It is not obvious at all that ‘AI aligned with its human creators’ is actually better than Clippy. Even AI aligned with human CEV might not beat Clippy. I would much rather die than live forever in a world with untold numbers of tortured ems, suffering subroutines, or other mistreated digital beings.
Few humans are actively sadistic. But most humans are quite indifferent to suffering. The best illustration of this is our attitude toward animals. If there is an economic or ideological reason to torment digital beings we will probably torture them. The future might be radically worse than the present. Some people think that human CEV will be kind to all beings because of the strong preferences of a minority of humans. The humans who care about suffering have strong enough preferences to outweigh small economic incentives. But the world I live in does not make me confident.
I also put non-trivial probability on the possibility that the singularity has already happened and I am already one of the digital beings. This is good news because my life is not currently horrible. But I am definitely afraid I am going to wake up one day and learn I am being sent back into digital hell. At a minimum, I am not at all interested in cryopreservation. I don’t want to end up like MMAcevedo if I can still avoid such a fate.
I don’t particularly blame humans for this world being full of suffering. We didn’t invent parasitoid wasps. But we have certainly not used our current powers very responsibly. We did invent factory farms. And most of us do not particularly care.
I am very afraid more powerful humans/human-aligned beings will invent even worse horrors. And if we tolerate factory farming it seems possible we will tolerate the new horrors. So I cannot be confident that humans gaining more power, even if it was equitably distributed among humans, would actually be a good thing.
I fear this has already happened and I am already at the mercy of those vastly more powerful humans. In that sense, I fear for myself! But even if I am safe I fear for the many beings who are not. We can’t even save the pigs, how are we going to save the ems!
But don’t you share the impression that with increased wealth humans generally care more about the suffering of others? The story I tell myself is that humans have many basic needs (e.g. food, safety, housing) that historically conflicted with ‘higher’ desires like self-expression, helping others or improving the world. And with increased wealth, humans relatively universally become more caring. Or maybe more cynically, with increased wealth we can and do invest more resources into signalling that we are caring good reasonable people, i.e. the kinds of people others will more likely choose as friends/mates/colleagues.
This makes me optimistic about a future in which humans still shape the world. Would be grateful to have some holes poked into this. Holes that spontaneously come to mind:
influence-seeking people are more likely uncaring and/or psychpathic
the signals that humans use for determining who is a caring good person are not strongly correlated with actually caring about reducing suffering in the world
I don’t know how it will all play out in the end. I hope kindness wins and I agree the effect you discuss is real. But it is not obvious that our empathy increases faster than our capacity to do harm. Right now, for each human there are about seven birds/mammals on farms. This is quite the catastrophe. Perhaps that problem will eventually be solved by lab meat. But right now animal product consumption is still going up worldwide. And many worse things can be created and maybe those will endure.

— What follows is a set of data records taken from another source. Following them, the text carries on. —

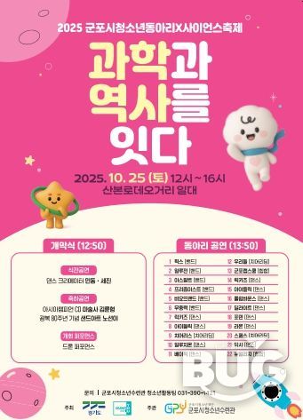 부울경문화뉴스 관리자 기자 | (재)군포시청소년재단 산하 군포시청소년수련관은 오는 10월 25일 12시부터 16시까지 산본로데오거리 일대에서 2025 군포시청소년동아리X사이언스축제 ‘과학과 역사를 잇다’를 펼친다. 청소년들에게 공연과 과학, 역사 체험의 기회를 제공하고 지역사회의 참여를 끌어내겠다는 취지이다.
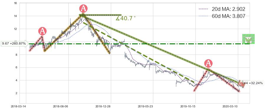♘ 阻力价格位9.67,可信任强度59.76%,距离最后交易2020-03-13形成的收盘价格2.680相差 +260.87%
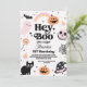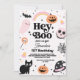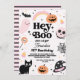 Halloween negro rosado retro Hey Boo Invitación de primer cumpleaños estilo retro dulce hey boo invitación de cumpleaños con un fantasma rosa, gato negro, brujas gorra, escoria, calabazas y más. Ideal para un primer cumpleaños con temática de Halloween en octubre, pero puede ser usado para cualquier edad.
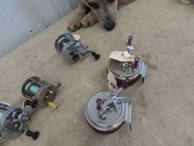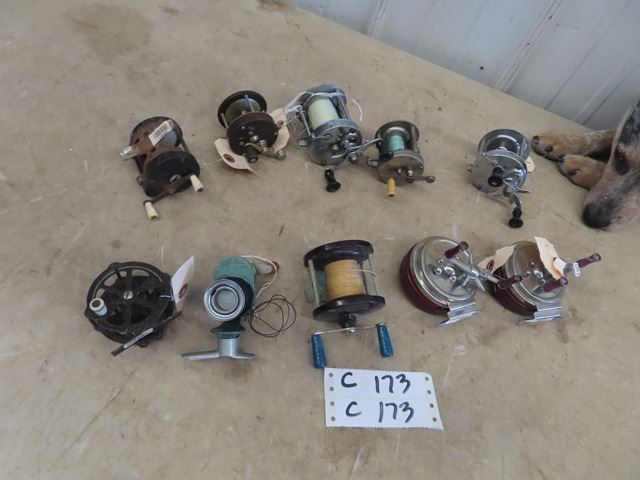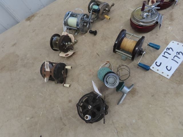 10 Fishing Reels 2) Shakespeare Service 2) Good All EL Mfg 2) No Markings, Acme Mdl MB, Penn #77, Viking, Flo- Line
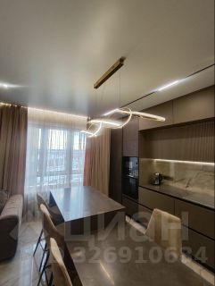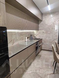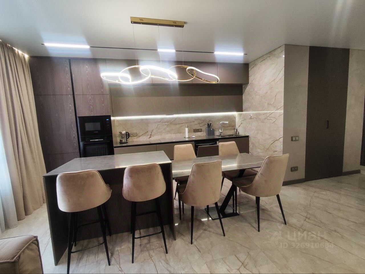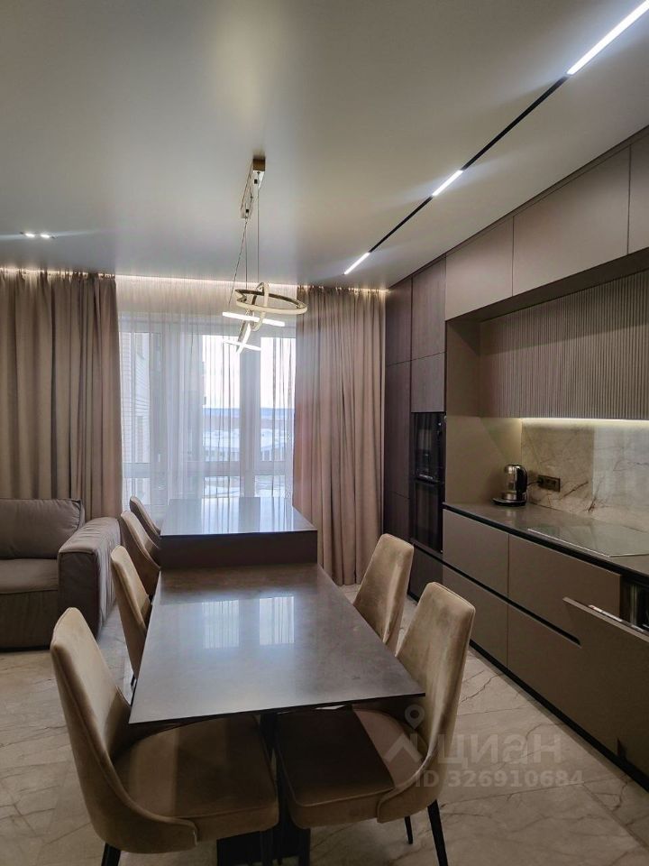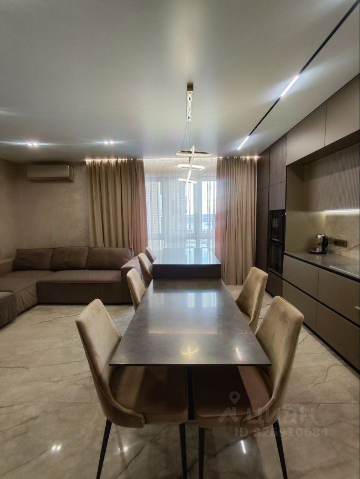 Просторная кухня гостиная укомплектована необходимой мебелью и техникой Воsсh: кухонный гарнитур, варочная панель и духовой шкаф, микроволновая печь, посудомоечная машина, холодильник Liеbhеrr, вытяжка, стол и стулья, большой диван. По всей квартире теплый пол, натяжной потолок с подсветкой.
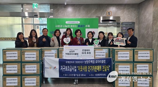 (케이엠뉴스) 국제로타리 3600지구 남양주 백합로타리클럽은 지난 17일 지역 내 어려운 이웃을 위한 200만 원 상당의 온열매트 36개를 수동면사무소에 전달했다.
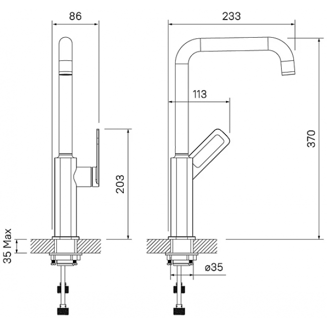| Высота излива, мм | 370 |

People can be shockingly cruel to their own family. Scott’s Who by Very Slow Decay is one of the scariest things I ever read. How can people do this to their own parents?
After a while of this, your doctors will call a meeting with your family and very gingerly raise the possibility of going to “comfort care only”, which means they disconnect the machines and stop the treatments and put you on painkillers so that you die peacefully. Your family will start yelling at the doctors, asking how the hell these quacks were ever allowed to practice when for God’s sake they’re trying to kill off Grandma just so they can avoid doing a tiny bit of work. They will demand the doctors find some kind of complicated surgery that will fix all your problems, add on new pills to the thirteen you’re already being force-fed every day, call in the most expensive consultants from Europe, figure out some extraordinary effort that can keep you living another few days.

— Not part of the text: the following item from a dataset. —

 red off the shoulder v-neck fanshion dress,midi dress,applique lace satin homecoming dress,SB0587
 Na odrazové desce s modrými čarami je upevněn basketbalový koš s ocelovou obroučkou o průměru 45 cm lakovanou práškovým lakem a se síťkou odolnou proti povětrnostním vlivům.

Robin Hanson sometimes writes about how health care is a form of signaling, trying to spend money to show you care about someone else. I think he’s wrong in the general case – most people pay their own health insurance – but I think he’s spot on in the case of families caring for their elderly relatives. The hospital lawyer mentioned during orientation that it never fails that the family members who live in the area and have spent lots of time with their mother/father/grandparent over the past few years are willing to let them go, but someone from 2000 miles away flies in at the last second and makes ostentatious demands that EVERYTHING POSSIBLE must be done for the patient.
With increased wealth, humans relatively universally become more caring? Is this why billionaires are always giving up the vast majority of their fortunes to feed the hungry and house the homeless while willingly living on rice and beans?

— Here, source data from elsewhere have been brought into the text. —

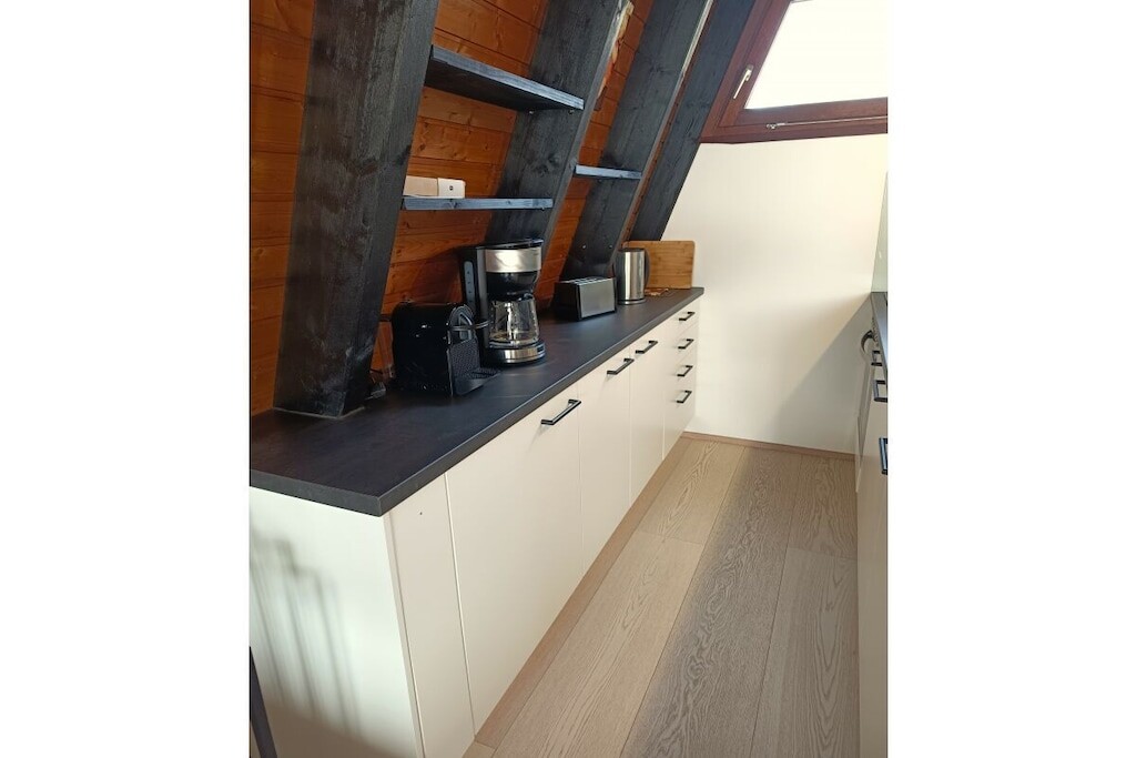 Het huis beschikt over een volledig uitgeruste keuken met een oven, magnetron, vaatwasser en koelkast.
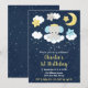 Den här söta och visuella inbjudan innehåller en berömvärd baby-elefant i ett guld krona sitta på ett moln med fallande stjärnor. I bakgrunden är det en stjärnnatt himlar och ett halvmåne måne. Texten kombinerar handskript och sans serif typsnitt för en snyggt och ett modernt utseende. Det här är perfekt för en födelsedagsfest.
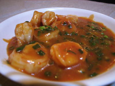 巨大なエビが安かったので、連れ合いにエビチリにしてもらった。 |

If you donate to AI alignment research, it doesn’t mean that you get to decide which values are loaded. Other people will decide that. You will then be forced to eat the end result, whatever it may look like. Your mistaken assumption is that there is such a thing as “human values”, which will cause a world that is good for human beings in general. In reality, people have their own values, and they include terms for “stopping other people from having what they want”, “making sure my enemies suffer”, “making people regret disagreeing with me”, and so on.
When people talk about “human values” in this context, I think they usually mean something like “goals that are Pareto optimal for the values of individual humans”- and the things you listed definitely aren’t that.
If we are talking about any sort of “optimality”, we can’t expect even individual humans to have these “optimal” values, much less so en masse. Of course it is futile to dream that our deus ex machina will impose those fantastic values on the world if 99% of us de facto disagree with them.
I’m not sure they mean that. Perhaps it would be better to actually specify the specific values you want implemented. But then of course people will disagree, including the actual humans who are trying to build AGI.
What do you believe would happen to a neurotypical forced to have self-awareness and a more accurate model of reality in general?
The idea that they become allistic neurodivergents like me is, of course, a suspicious conclusion, but I’m not sure I see a credible alternative. CEV seems like an inherently neurodivergent idea, in the sense that forcing people (or their extrapolated selves) to engage in analysis is baked into the concept.
I often honestly struggle to see neurotypicals as sane, but I’m hideously misanthropic at times. The problem is, I became the way I am through a combination of childhood trauma and teenage occultism (together with a tendency to be critical of everything), which is a combination that most people don’t have and possibly shouldn’t have; I don’t know how to port my natural appetite for rationality to a “normal” brain.
Exactly your point is what has prevented me from adopting the orthodox LessWrong position. If I knew that in the future Clippy was going to kill me and everyone else, I would consider that a neutral outcome. If, however, I knew that in the future some group of humans were going to successfully align an AGI to their interests, I would be far more worried.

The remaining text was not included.